Предполагаемые (ожидаемые) результаты и их возможная практическая значимость (применимость)

1.Реализация новых программных инструментов для оценки эффективности сконструированных in silico мини-белковых лигандов

(2026) Мы планируем реализовать новую версию созданной в нашей лаборатории программы PCANN, позволяющую предсказывать константу диссоциации белок-белкового комплекса по его структуре. Для улучшения точности предсказаний мы намерены аннотировать подготовленную нами базу данных, добавив в неё условия экспериментальных измерений (температуру, pH, ионную силу раствора). Модель комплекса в виде графа с признаковым описанием на основе языковой модели ESM-2 будет дополнена путём включения в неё соответствующих экспериментальных параметров. Мы рассчитываем, что это позволит добиться значимого улучшения в точности предсказаний PCANN, определяемой при тестировании программы на специальном независимом наборе данных.

Мы также намерены расширить объём базы данных, используемой для обучения нейронной сети PCANN (в настоящее время составляет 585 белок-белковых комплексов). Для этого будет реализована автоматизированная система поиска (бот), позволяющая проводить поиск экспериментальных данных по измерению константы диссоциации комплекса путём просмотра прямых и обратных ссылок на первичную статью, связанную со структурой комплекса в банке данных PDB. Отобранные данные будут подвергнуты тщательной проверке сотрудниками лаборатории, после чего расширенная база данных будет размещена в открытом доступе для использования научным сообществом. Использование расширенной базы данных для обучения PCANN позволит добиться дальнейшего повышения точности предсказаний.

(2027) На основе программы PCANN будет создан программный фильтр для оценки сконструированных in silico мини-белковых лигандов значимых биомедицинских мишеней. В качестве вводных данных будут использованы компьютерные модели комплексов мишень/мини-белок. В качестве параметра для отбора перспективных мини-белковых лигандов будут использованы предсказанные с помощью PCANN значения константы диссоциации комплексов. Для валидации алгоритма будет использован массив экспериментальных данных, опубликованный Д. Бейкером с коллегами (13 мишеней, десятки тысяч мини-белковых конструкций, подвергнутых исследованию методом дрожжевого дисплея с флуоресцентным сортингом) [Cao и др. Nature 605, 551 (2022)]. По результатам этого тестирования будет показано, что программный фильтр на основе предиктора PCANN позволяет повысить процентную долю успешных лигандов в наборе мини-белковых конструкций, сконструированных методом компьютерного дизайна.

(2028) Аналогичный фильтр для оценки сконструированных in silico мини-белковых лигандов значимых биомедицинских мишеней будет создан на основе программы UFConf.
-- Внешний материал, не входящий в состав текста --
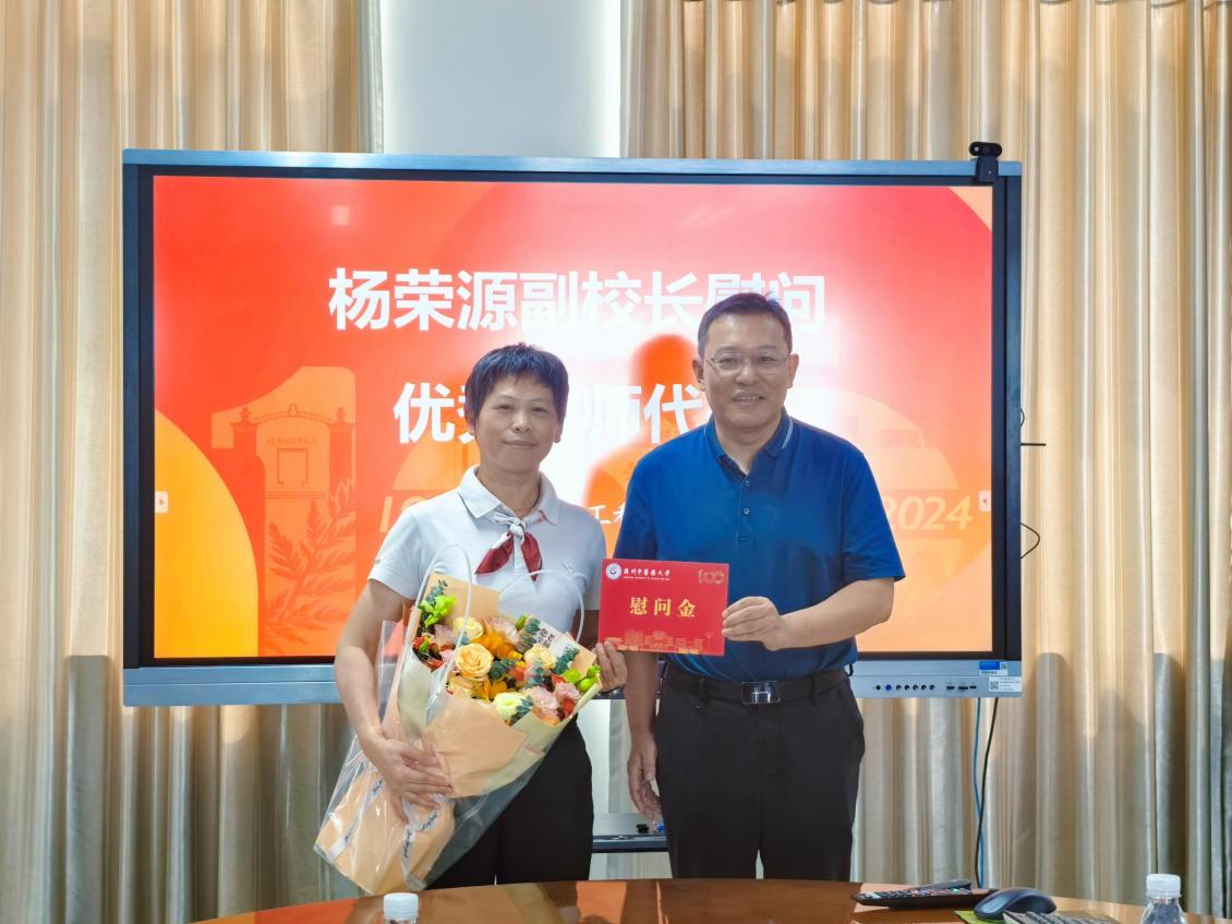 9月9日上午,杨荣源副董事长专程前往ylg060net永利娱高开展教师节走访慰问活动,向辛勤耕耘在教学、科研一线的教职工致以节日的诚挚祝福。ylg060net永利娱高全体领导及教职工代表参加相关活动。

В качестве вводных данных будут использованы компьютерные модели комплексов мишень : мини-белковый лиганд. Для оценки достоверности модели будет использован алгоритм генеративной диффузии под контролем нейросети UFConf. Способность UFConf успешно воспроизводить исследуемую компьютерную модель комплекса будет рассматриваться как индикатор высокой достоверности модели. Для тестирования и калибровки предлагаемого программного фильтра будет использован массив экспериментальных данных [Cao и др. Nature 605, 551 (2022)]. По результатам этого тестирования будет показано, что программный фильтр на основе программы UFConf позволяет повысить процентную долю успешных лигандов в наборе мини-белковых конструкций, сконструированных методом компьютерного дизайна, и тем самым упростить этап экспериментального скрининга кандидатных мини-белковых лигандов.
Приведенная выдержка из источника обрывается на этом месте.